The agent loop you’re probably running

# Hand-rolled from openai import AsyncOpenAI client = AsyncOpenAI() tools = [ {"type": "function", "function": {"name": "get_weather", "parameters": {...}, "description": "..."}}, ] messages = [ {"role": "system", "content": "You are helpful."}, {"role": "user", "content": "Weather in Tokyo?"}, ] while True: resp = await client.chat.completions.create( model="gpt-4.1-mini", messages=messages, tools=tools ) msg = resp.choices[0].message messages.append(msg.model_dump()) if not msg.tool_calls: break for tc in msg.tool_calls: result = await dispatch_tool(tc.function.name, tc.function.arguments) messages.append({ "role": "tool", "tool_call_id": tc.id, "content": result, }) print(messages[-1]["content"])

What this skeleton is missing for production:

  • No retries on transient 5xx / 429s.
  • No structured output validation.
  • No multi-tenant isolation.
  • No conversation continuity (each request rebuilds state).
  • No telemetry / audit / budget.
  • No parallel tool dispatch.
  • No backpressure-aware streaming.

The same thing on Loom

import asyncio from loomflow import Agent, tool @tool async def get_weather(city: str) -> str: """Look up weather for a city.""" return await my_weather_api(city) async def main(): agent = Agent( "You are helpful.", model="gpt-4.1-mini", tools=[get_weather], ) result = await agent.run("Weather in Tokyo?") print(result.output) asyncio.run(main())

Eight lines. Retries, parallel tool dispatch, cancellation, streaming, and the integration points (audit, telemetry, budget, permissions, hooks) are all there waiting for you to wire them up.

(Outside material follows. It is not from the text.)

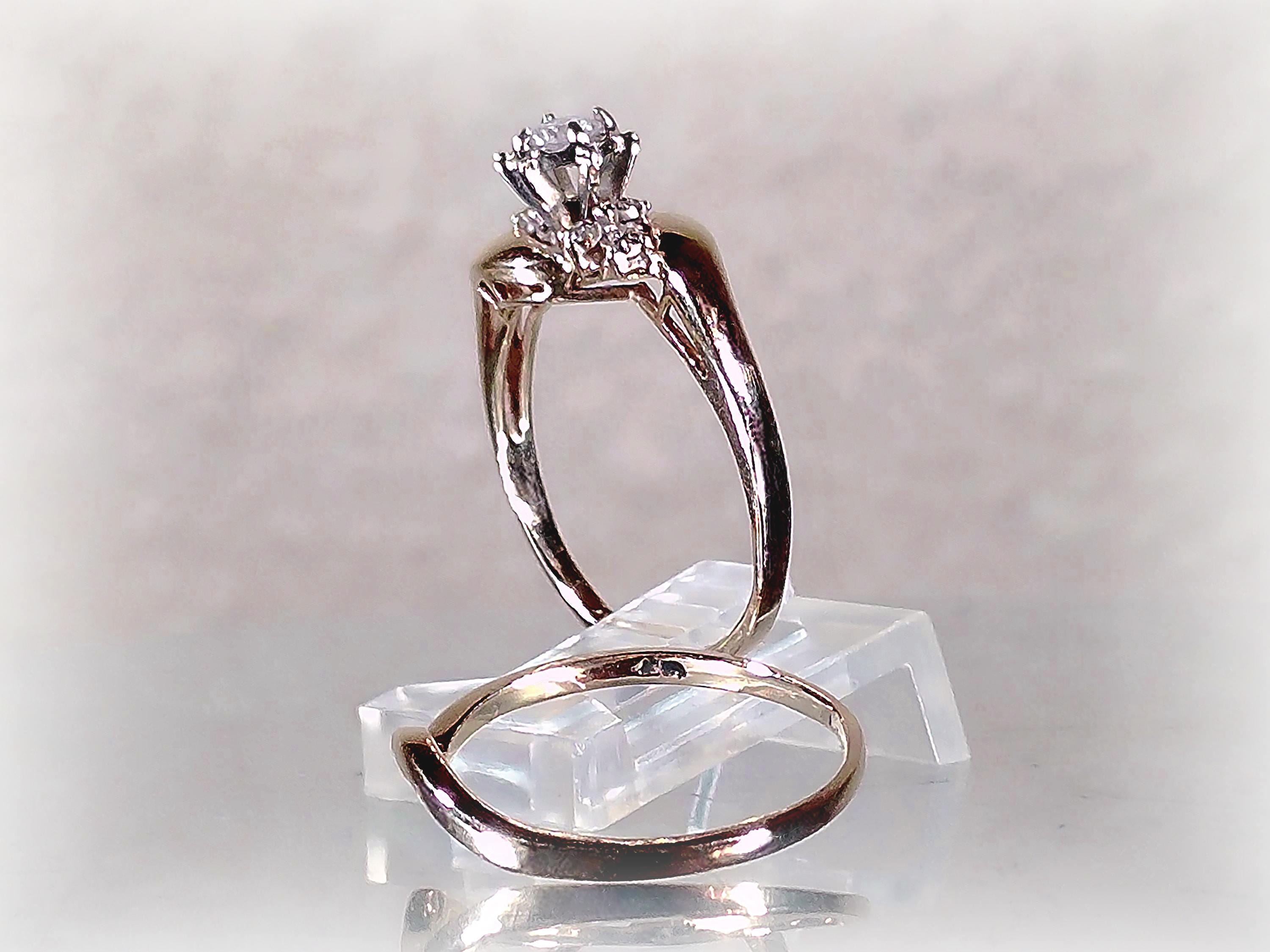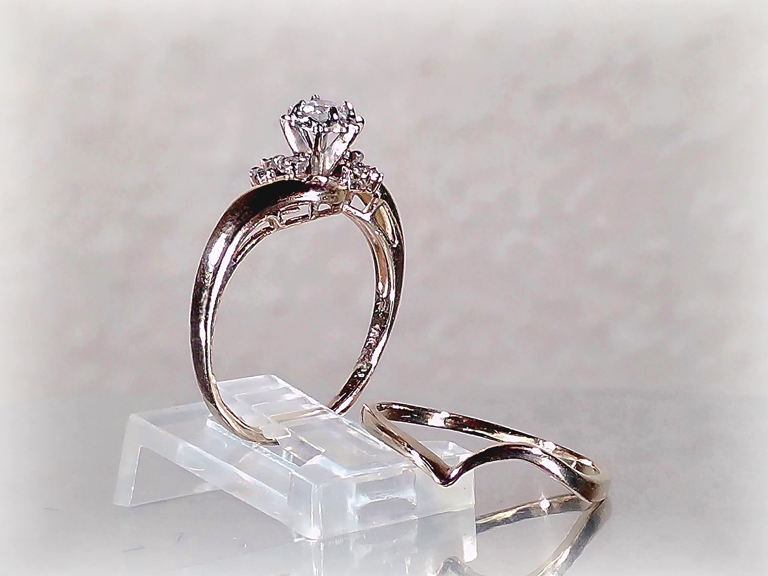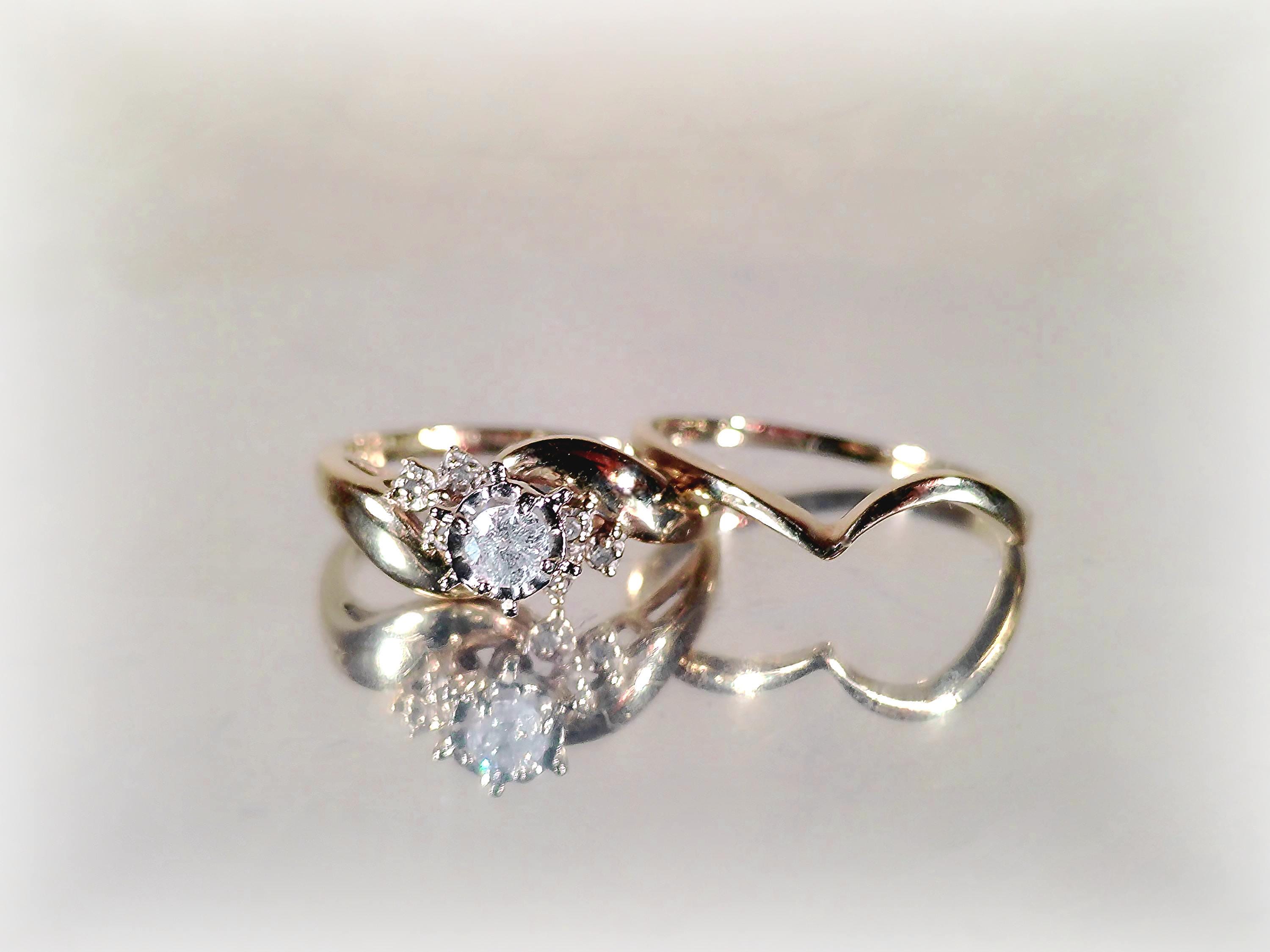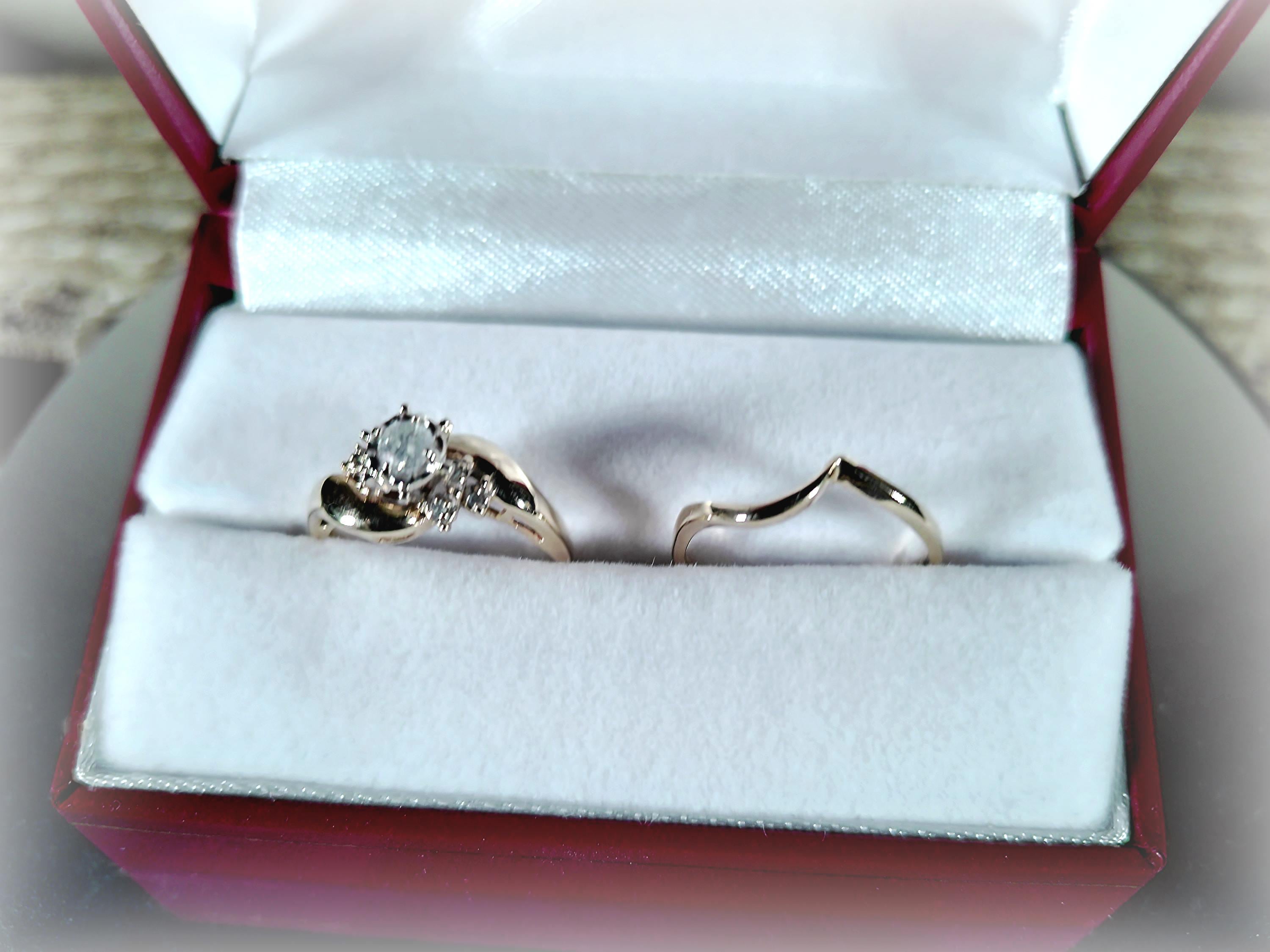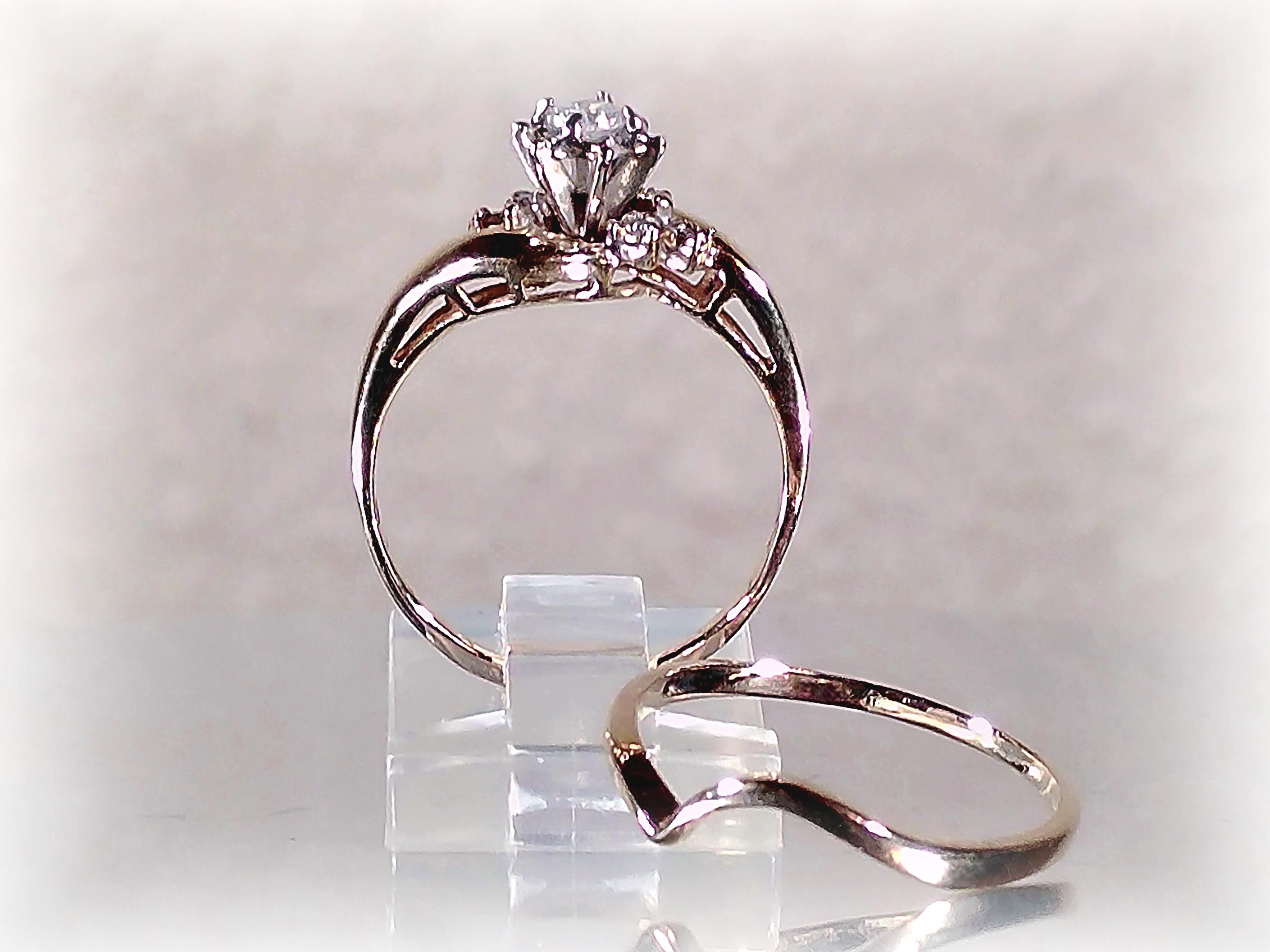 Vintage Bridal Ring Set – Seven Genuine Diamond Engagement Ring with Contour Wedding Band – 10 Kt Gold

Translating common patterns

Tool definitions

# Raw SDK — JSON schema by hand tools = [{ "type": "function", "function": { "name": "get_weather", "description": "Get the weather for a city.", "parameters": { "type": "object", "properties": {"city": {"type": "string"}}, "required": ["city"], }, }, }]
# Loom — schema derived from type hints + docstring from loomflow import tool @tool async def get_weather(city: str) -> str: """Get the weather for a city.""" return await my_weather_api(city)

Multi-turn conversation

# Raw SDK — you maintain the message history yourself state = {"alice": [], "bob": []} async def respond(user_id: str, prompt: str) -> str: state[user_id].append({"role": "user", "content": prompt}) resp = await client.chat.completions.create( model="gpt-4.1-mini", messages=state[user_id] ) state[user_id].append(resp.choices[0].message.model_dump()) return resp.choices[0].message.content
# Loom — session_id rehydrates, user_id partitions agent = Agent("...", model="gpt-4.1-mini") async def respond(user_id: str, prompt: str) -> str: r = await agent.run( prompt, user_id=user_id, session_id=f"chat-{user_id}" ) return r.output

Structured output

# Raw SDK — response_format + manual parsing from pydantic import BaseModel class Invoice(BaseModel): amount_cents: int vendor: str resp = await client.chat.completions.create( model="gpt-4.1-mini", messages=[...], response_format={"type": "json_schema", "json_schema": { "name": "Invoice", "schema": Invoice.model_json_schema(), "strict": True, }}, ) invoice = Invoice.model_validate_json(resp.choices[0].message.content)
# Loom — output_schema kwarg, automatic validate-and-retry agent = Agent("...", model="gpt-4.1-mini") r = await agent.run("...", output_schema=Invoice) invoice: Invoice = r.parsed

Retries on transient failures

# Raw SDK — handle exceptions yourself import openai import asyncio async def with_retry(fn, attempts=3, base_delay=1.0): for i in range(attempts): try: return await fn() except openai.RateLimitError as e: if i == attempts - 1: raise await asyncio.sleep(base_delay * (2**i))
# Loom — happens automatically, configurable from loomflow import Agent, Tuning from loomflow.governance import RetryPolicy # Default policy is sensible (3 attempts, exp backoff, jitter, honours # Retry-After). Override only if you need something different: agent = Agent( "...", model="gpt-4.1-mini", tuning=Tuning(retry_policy=RetryPolicy.aggressive()), # or .disabled() )

Streaming

# Raw SDK async with client.chat.completions.stream( model="gpt-4.1-mini", messages=[...] ) as stream: async for event in stream: if event.type == "content.delta": print(event.delta, end="", flush=True)
# Loom — Event stream, type-safe filtering async for event in agent.stream("..."): if event.kind.value == "model_chunk": chunk = event.payload["chunk"] if chunk["text"]: print(chunk["text"], end="", flush=True)

Parallel tool calls

The raw SDK returns multiple tool_calls and you decide whether to run them in parallel. Most hand-rolled loops do them sequentially , which is wrong, just hard to notice.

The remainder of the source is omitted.